The country's current account deficit (CAD) widened to 2.9 percent of the gross domestic product (GDP) in the July-September quarter. During the same quarter last year, it stood at 1.1 percent. RBI (Reserve Bank of India) said that it was mainly due to the higher trade deficit of $50 billion when compared to $32.5 billion in the same period last year.

CAD measures the difference between outflow and inflow of foreign exchange in the country's current account. It Increased to $19.1 billion during the September ended quarter when compared to $6.9 billion in September 2017. CAD for the April-June 2018 quarter was at $15.9 billion or 2.4 percent of GDP.
"India's CAD at $19.1 billion (2.9 percent of GDP) in the second quarter of 2018-19 increased from $6.9 billion (1.1 percent of GDP) in Q2 of 2017-18 and $15.9 billion (2.4 percent of GDP) in the preceding quarter," the central bank said.

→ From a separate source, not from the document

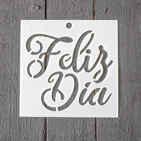 Stencil PI - BA5 10x10cm - Feliz Dia Cursiva

As for the first half of the 2018-19, CAD has increased to 2.7 percent of GDP from 1.8 percent in the corresponding period of 2017-18.
RBI's preliminary data on India's balance of payments for the quarter under review showed that the net services receipts were up by 10.2 percent on a yearly basis, mainly due to a rise in net earnings from software and financial services.
Private transfer receipts, that mainly represent remittances from Indians employed overseas, amounted to $20.9 billion during the quarter, increasing by 19.8 percent from their level a year ago. The net foreign direct investment reduced to $7.9 billion in the second quarter of 2018-19 from $12.4 billion last year. Portfolio investments recorded net outflow of $1.6 billion when compared with an inflow of $2.1 billion last year on account of net sales in both the debt and equity markets.
Net receipts on account of non-resident deposits rose to $3.3 billion from $0.7 billion a year ago. For the same quarter, there was a depletion of $1.9 billion of the foreign exchange reserves as against an increase of $9.5 billion in September 2017.